And, on a similar theme, an AP story discusses how states may abandon the death penalty, not because of ethical or moral concerns, but because of cost.
The Sourcebook of Criminal Justice Statistics indicates that there were 2,258,983 people in jail or prison in 2006. There was an average 2.8% increase in that number between 2005 and 2006, so you can bet on that number being around 2.3 million people now. At $29K per inmate, that's about $67 billion spent on keeping people behind bars each year. Given the numbers we're seeing the government spend right now, it's easy to become jaded on what that represents. Translated into tangible items, that's
- 2,708,164 four-year degrees at public colleges
- 339,928 single-family homes (December 2008 median price)
- 2,263,513 fully-equipped patrol cars
- 15 Nimitz-class aircraft carriers
You get the idea. It's money best spent elsewhere.
Why do we do it?
What makes putting people behind bars such an attractive activity, worthy of funding at the expense of other things that could alleviate suffering or make a return on investment? Retribution, mostly. We want these people to suffer for what they have done. The typical American taxpayer wants these criminals locked away and treated as meanly as possible. It galls Joe the Plumber to know that prison inmates have access to education, counseling and treatment programs, television, exercise equipment, and other creature comforts. He wants the Graybar Hotel to look more like the Hanoi Hilton.
In criminology, there are five objectives to punishment:
- Retribution–revenge, pure and simple. An eye for an eye.
- Rehabilitation–this assumes the criminal is sick and can be made well. We "treat" the offender with counseling, education, job and life skills training, etc. He learns to become a useful member of society.
- Incapacitation–we don't care if the criminal suffers or not so long as he is prevented from harming anyone else. Prison is the usual solution here, but "chemical castration" has been used for sex offenders, and slave owners used to chop off a foot of chronic runaways.
- Deterrence–punishment to serve as a warning to others. This is the rationale for publishing the names of prostitution "johns" and drunk drives in the newspaper. The fear of public humiliation is supposed to prevent people from engaging in the behavior.
- Restoration–making the victim(s) whole again. This is accomplished by everything from requiring the offender to pay restitution to having them apologize to the victim.

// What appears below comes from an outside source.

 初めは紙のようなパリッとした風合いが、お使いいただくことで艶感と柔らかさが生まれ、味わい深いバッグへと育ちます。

Practicality and efficiency
None of the correctional methods presently employed are especially cost-effective in terms of pure economics. The prisoners we hold the longest are those convicted of "person" crimes such as murder and rape. These crimes have a tremendous emotional impact, and there is the cost associated with the loss of the victims' contributions to the economy. Even so, unless the prisoner is a predator type who has killed or raped repeatedly, they are relatively good recidivist risks. Only about 11% of murderers and 13% of rapists who are released from prison are returned to prison with a new sentence. For "property" crimes of various types of theft and arson, the range is from 20% to 31%, and one could argue that property crimes account for greater economic loss. By that analysis, it makes more sense to hold onto the property offenders and release more person offenders. We release half again as many property prisoners as we do person prisoners.

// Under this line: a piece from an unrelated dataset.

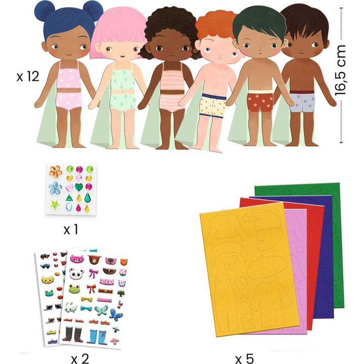 Allows your child to design outfits and styles for 12 characters – 6 boys and 6 girls. With elements of self-adhesive felt, stickers and crystals, each character can have a unique look that reflects the imagination of the toddler. By choosing and matching outfits and accessories, the child exercises precision, percepti

Imprisonment works well for incapacitation, and less so for retribution. We like the idea that convicts are held where they can't re-victimize us, but the commonly held belief is that prisons are far too nice and pleasant. I've toured a fair number of prisons and jails, both new and modern and old and crumbling. I was anxious to get out of every one. Even when the facilities are adequate and well-maintained, every movement is controlled and prisoners have little opportunity for the self-direction we take for granted. The other consistent downside is that the prisoner is caged with other prisoners, many of whom are mentally ill and/or violent, and all of whom are accomplished victimizers.

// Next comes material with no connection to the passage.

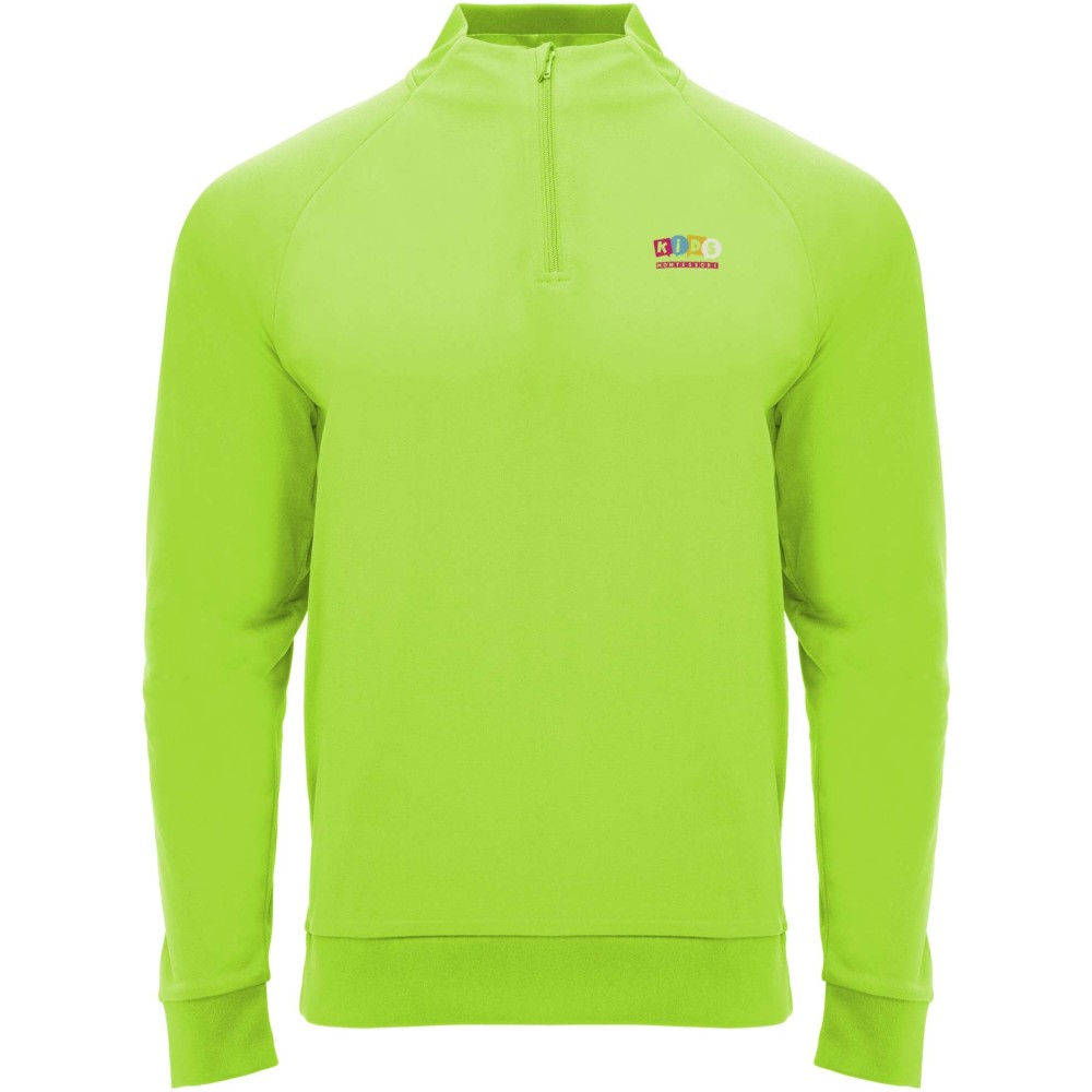 Technikai anyag. Raglán ujjak. Belül bolyhos anyag. Negyedcipzár azonos színű megerősített, fedett öltésekkel. Bordázott nyak-, ujj- és aljpasszé. Eltávolítható címke. Emblémázás: Hímzés, Szitanyomás

At the risk of incurring the wrath of the professional rehabilitation community, rehab is mostly a waste from a cost-benefits analysis. It would make sense to rehab programs if they worked, but they seldom do. There are rare programs that seem to be effective at steering their participants away from crime, but the longer we track those programs, the worse the results appear. A program where 40% of its graduates stay out of trouble is wildly successful when compared to the field. Rehab produces some warm and fuzzies when an inmate receives his GED, completes his twelfth step, finds God, or accepts responsibility for his actions and apologizes to his victims. There's not much evidence that it keeps convicts from resuming a life of crime.
Deterrence works very well for most people, because at some point we start considering the consequences of our actions. Career criminals often lack impulse control and consider the consequences of their actions only when they see they're about to be arrested. When they express remorse, it's not remorse over the offense–it's remorse over getting caught. No matter how many times you punish this kind of individual for that conduct, or how severely you punish him, he's going to act the next time it occurs to him that it would be to his benefit to do so.
Solutions
There are alternatives to incarceration, but they don't work well with predator types, and they're usually too underfunded or overwhelmed to work properly. Community corrections–a more trendy term for "probation and parole"–is the most accessible, but the caseloads are so large and the number of staff so small that any meaningful supervision is laughable.
Try this: a program where there are no more than ten probationers for every probation officer. It would cost $290,000 to keep those ten offenders in prison for a year, and I think we could fully fund a probation officer position for considerably less. The PO works out of his car, in the field, looking after his flock. No offender should go more than three days without speaking to the PO face to face. The PO ensures his charges stay busy–working, going to school, attending rehab, whatever it takes to make them a functioning member of society. As they acquire gainful employment, their pay goes first to the PO, who takes out a portion to pay for their school, rehab, etc., and another portion to pay restitution to the victim(s). When an offender gets tired of the program and goes over the wall, we will find waiting for him on his return a jail that makes prison segregation look cozy: an isolation cell with a mattress and a toilet, and Nutriloaf (think "Purina Human Chow") three times a day. No TV, no visitors, no books, no exercise yard–just him and the walls. He stays in there until his PO thinks he's ready for another go.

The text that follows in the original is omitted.